**YOUR TASK**
Pictures aside, reproduce exactly and only the lines below, starting at the one containing "在山东地勘地热新能源集团有限" and ending at the last line.

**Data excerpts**
..............................

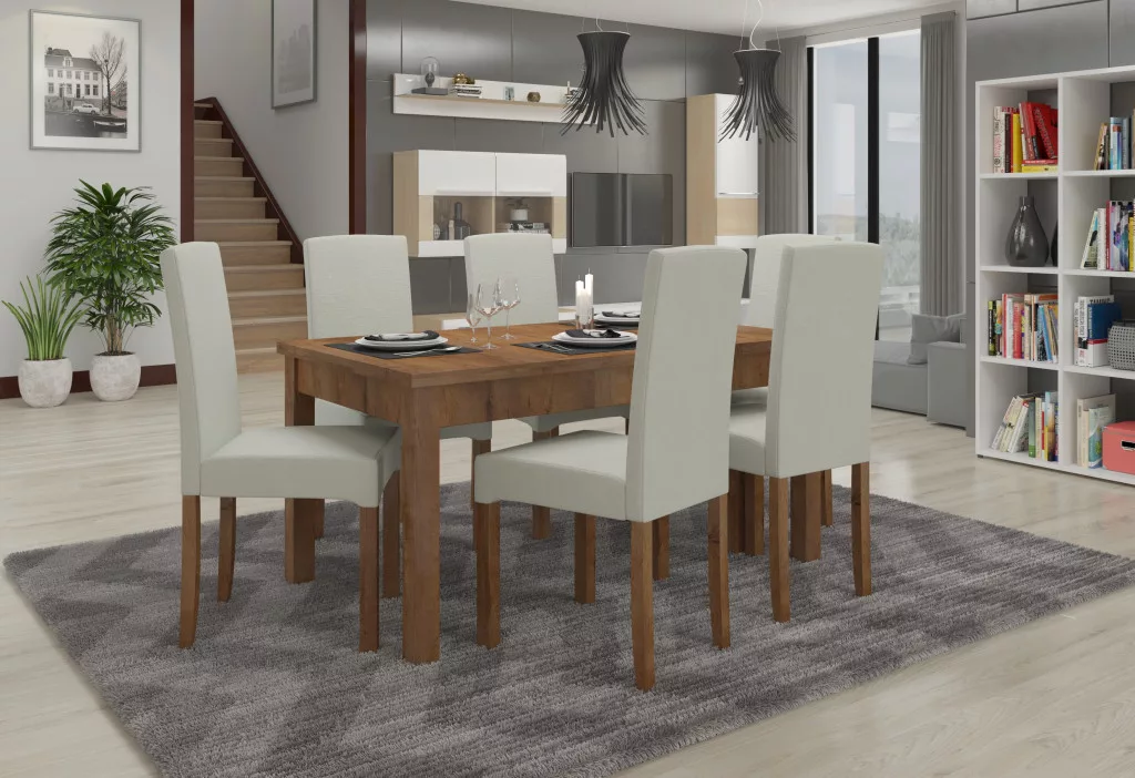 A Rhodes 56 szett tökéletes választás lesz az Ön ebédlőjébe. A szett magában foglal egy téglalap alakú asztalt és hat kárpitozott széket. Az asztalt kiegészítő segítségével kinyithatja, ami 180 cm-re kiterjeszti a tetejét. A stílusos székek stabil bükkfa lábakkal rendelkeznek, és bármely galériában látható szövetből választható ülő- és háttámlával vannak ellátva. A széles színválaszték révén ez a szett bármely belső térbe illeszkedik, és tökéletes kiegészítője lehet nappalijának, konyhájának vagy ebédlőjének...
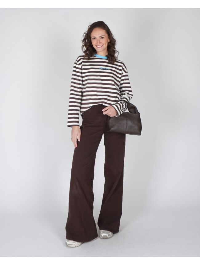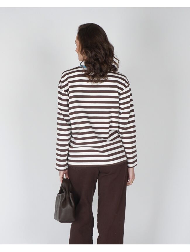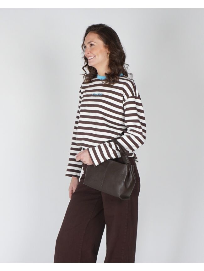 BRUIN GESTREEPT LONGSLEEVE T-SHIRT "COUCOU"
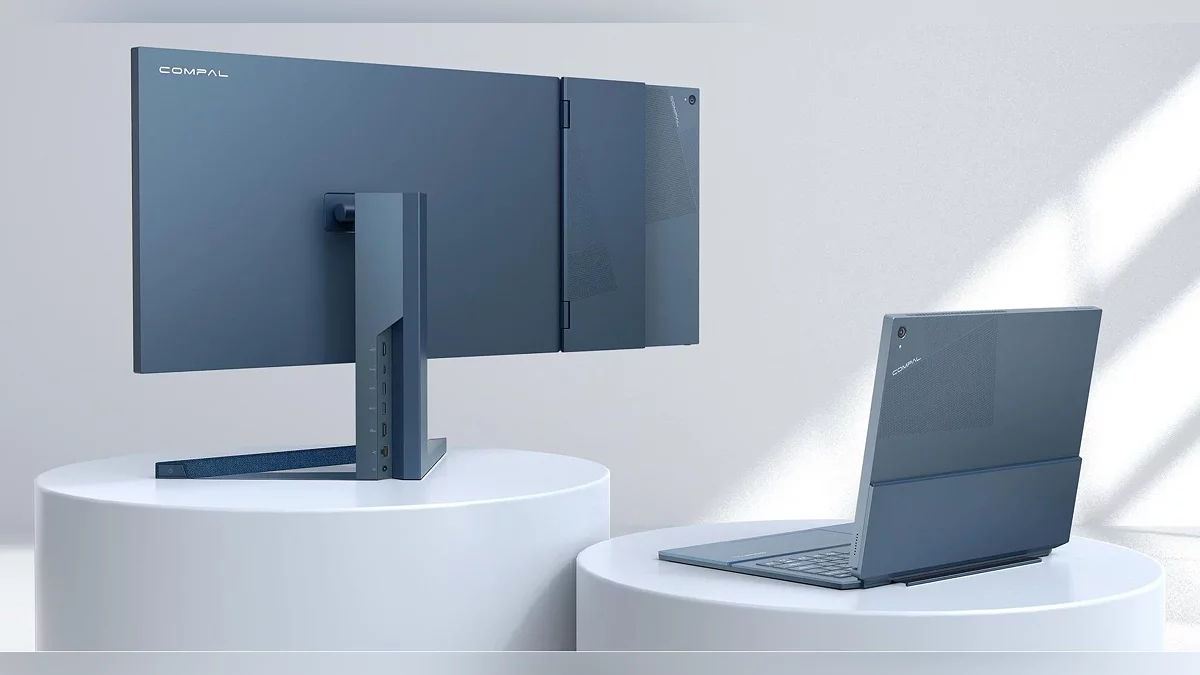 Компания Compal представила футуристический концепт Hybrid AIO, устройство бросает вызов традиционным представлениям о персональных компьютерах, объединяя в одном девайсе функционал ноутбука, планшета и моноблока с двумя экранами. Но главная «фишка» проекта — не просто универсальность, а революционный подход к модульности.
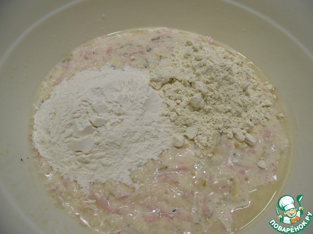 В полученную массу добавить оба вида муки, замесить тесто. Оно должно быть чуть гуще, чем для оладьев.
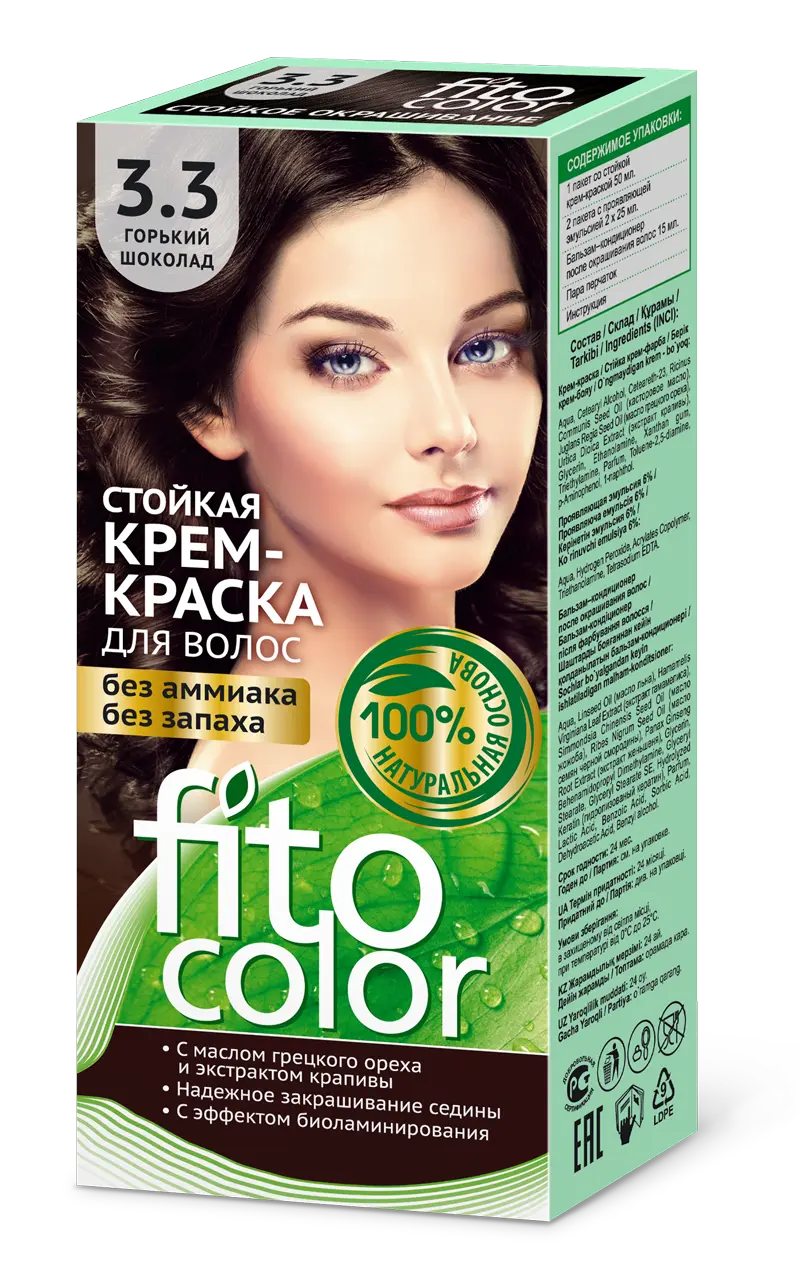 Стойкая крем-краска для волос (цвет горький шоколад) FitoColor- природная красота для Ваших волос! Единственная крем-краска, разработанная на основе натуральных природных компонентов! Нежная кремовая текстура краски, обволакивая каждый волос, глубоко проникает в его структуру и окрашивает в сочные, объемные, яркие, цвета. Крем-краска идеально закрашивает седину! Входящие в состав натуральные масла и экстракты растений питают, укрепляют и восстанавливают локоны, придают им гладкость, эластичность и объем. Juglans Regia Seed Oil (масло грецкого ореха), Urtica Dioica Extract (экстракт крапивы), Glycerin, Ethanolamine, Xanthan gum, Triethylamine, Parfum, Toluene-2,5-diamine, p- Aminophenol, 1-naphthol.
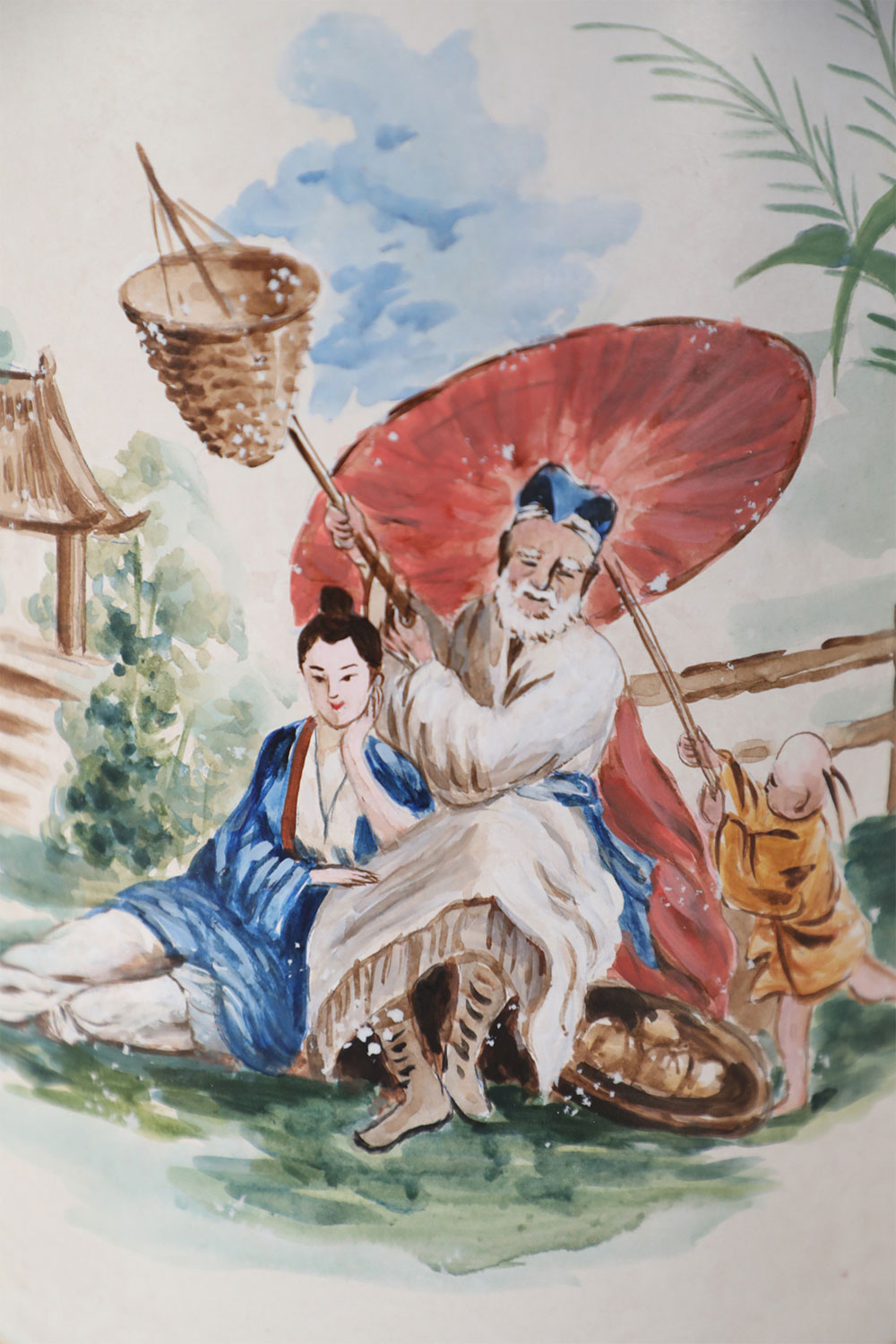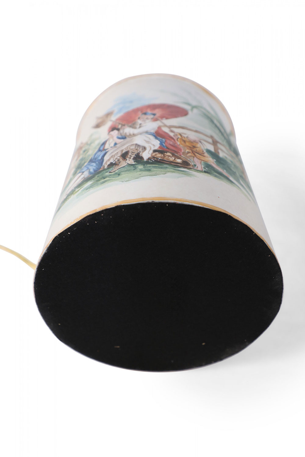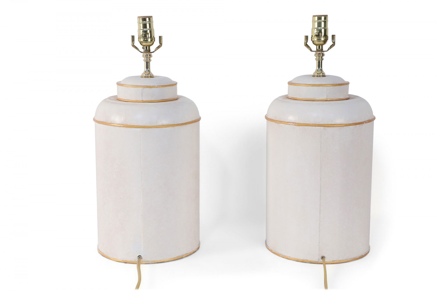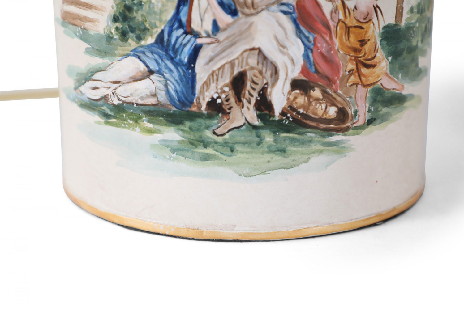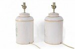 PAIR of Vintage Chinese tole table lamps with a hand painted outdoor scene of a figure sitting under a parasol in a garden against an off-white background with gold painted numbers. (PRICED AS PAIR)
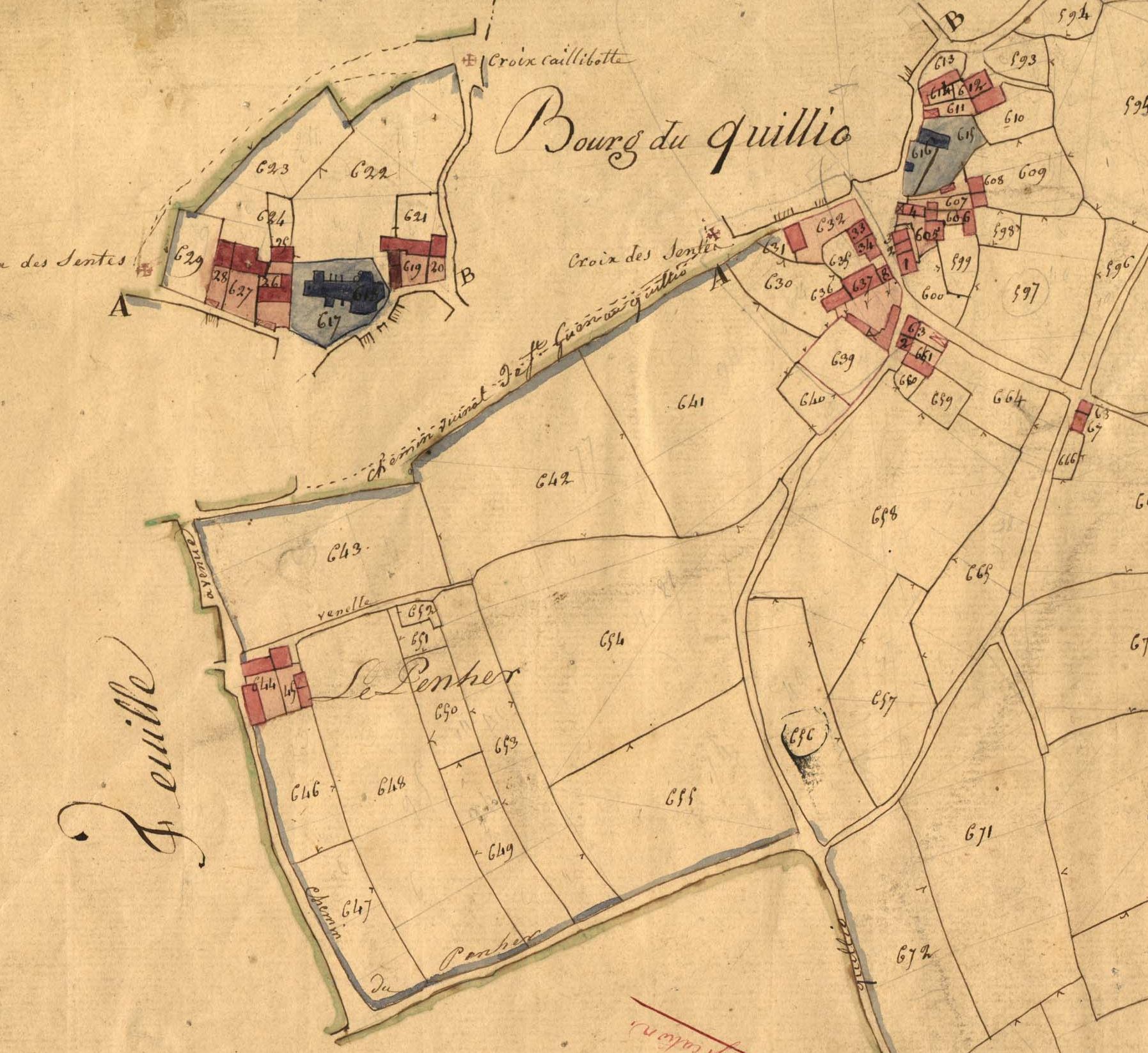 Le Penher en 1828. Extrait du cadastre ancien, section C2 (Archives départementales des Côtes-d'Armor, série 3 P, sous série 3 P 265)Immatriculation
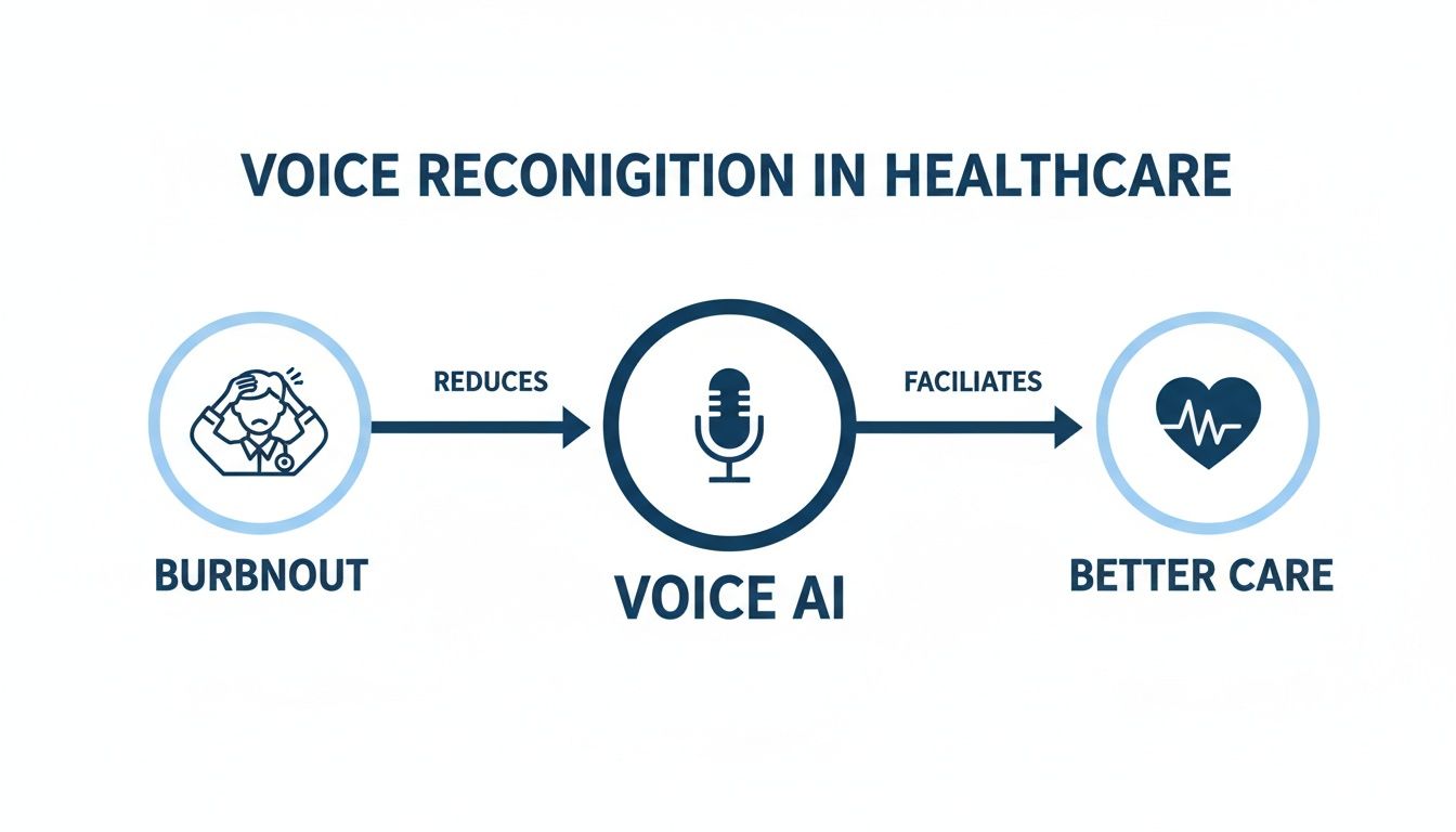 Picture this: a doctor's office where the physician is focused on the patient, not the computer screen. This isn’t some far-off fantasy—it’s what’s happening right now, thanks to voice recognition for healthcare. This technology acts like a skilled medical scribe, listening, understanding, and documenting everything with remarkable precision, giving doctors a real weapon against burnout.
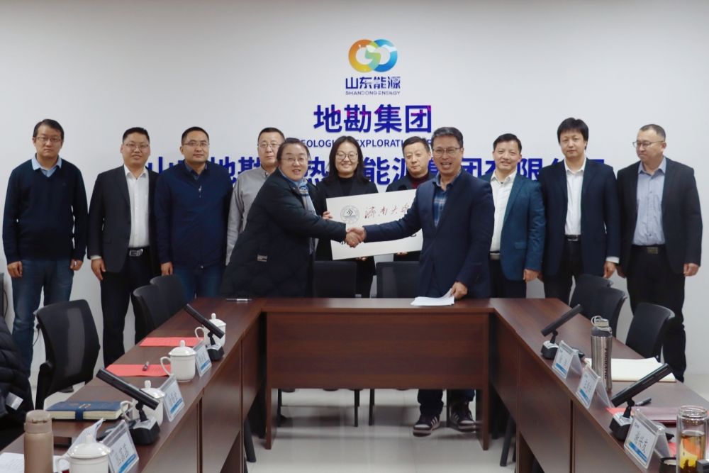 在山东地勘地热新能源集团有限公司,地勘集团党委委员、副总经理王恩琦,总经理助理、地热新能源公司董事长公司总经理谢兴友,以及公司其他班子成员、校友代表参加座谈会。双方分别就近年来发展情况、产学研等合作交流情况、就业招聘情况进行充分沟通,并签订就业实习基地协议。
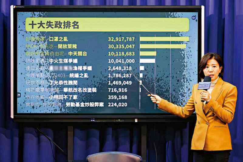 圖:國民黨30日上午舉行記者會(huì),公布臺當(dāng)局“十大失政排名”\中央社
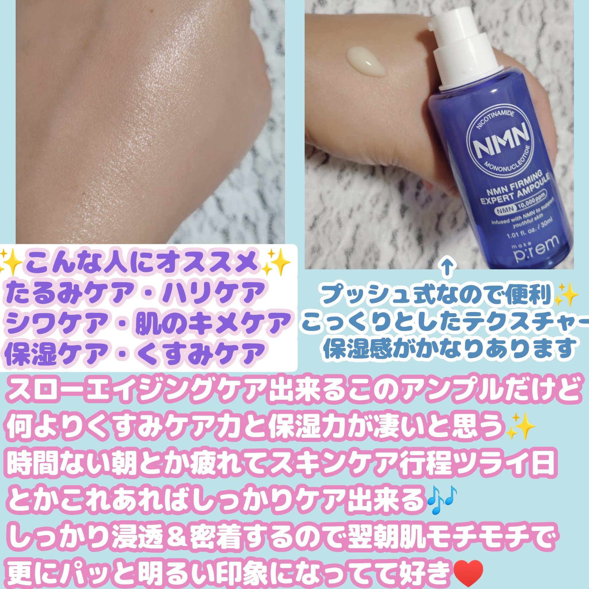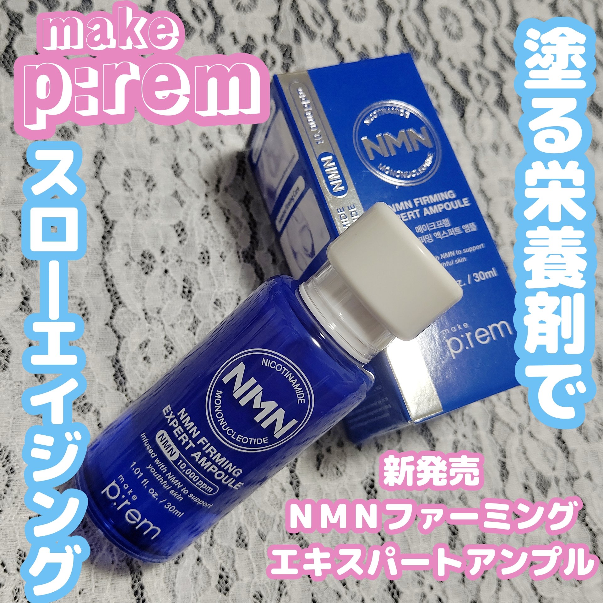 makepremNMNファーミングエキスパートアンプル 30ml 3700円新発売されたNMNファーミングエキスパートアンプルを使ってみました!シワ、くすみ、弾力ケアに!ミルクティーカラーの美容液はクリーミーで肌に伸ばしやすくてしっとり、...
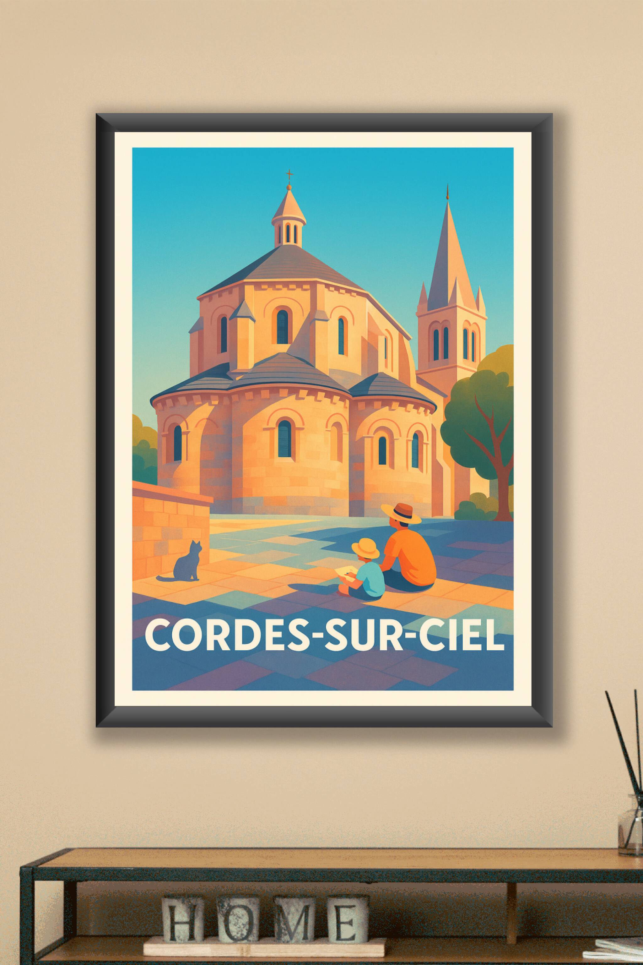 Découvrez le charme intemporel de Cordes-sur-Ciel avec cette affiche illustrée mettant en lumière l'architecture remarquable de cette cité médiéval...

..............................

**RESULT OF THE TASK**
 在山东地勘地热新能源集团有限公司,地勘集团党委委员、副总经理王恩琦,总经理助理、地热新能源公司董事长公司总经理谢兴友,以及公司其他班子成员、校友代表参加座谈会。双方分别就近年来发展情况、产学研等合作交流情况、就业招聘情况进行充分沟通,并签订就业实习基地协议。
 圖:國民黨30日上午舉行記者會(huì),公布臺當(dāng)局“十大失政排名”\中央社
 makepremNMNファーミングエキスパートアンプル 30ml 3700円新発売されたNMNファーミングエキスパートアンプルを使ってみました!シワ、くすみ、弾力ケアに!ミルクティーカラーの美容液はクリーミーで肌に伸ばしやすくてしっとり、...
 Découvrez le charme intemporel de Cordes-sur-Ciel avec cette affiche illustrée mettant en lumière l'architecture remarquable de cette cité médiéval...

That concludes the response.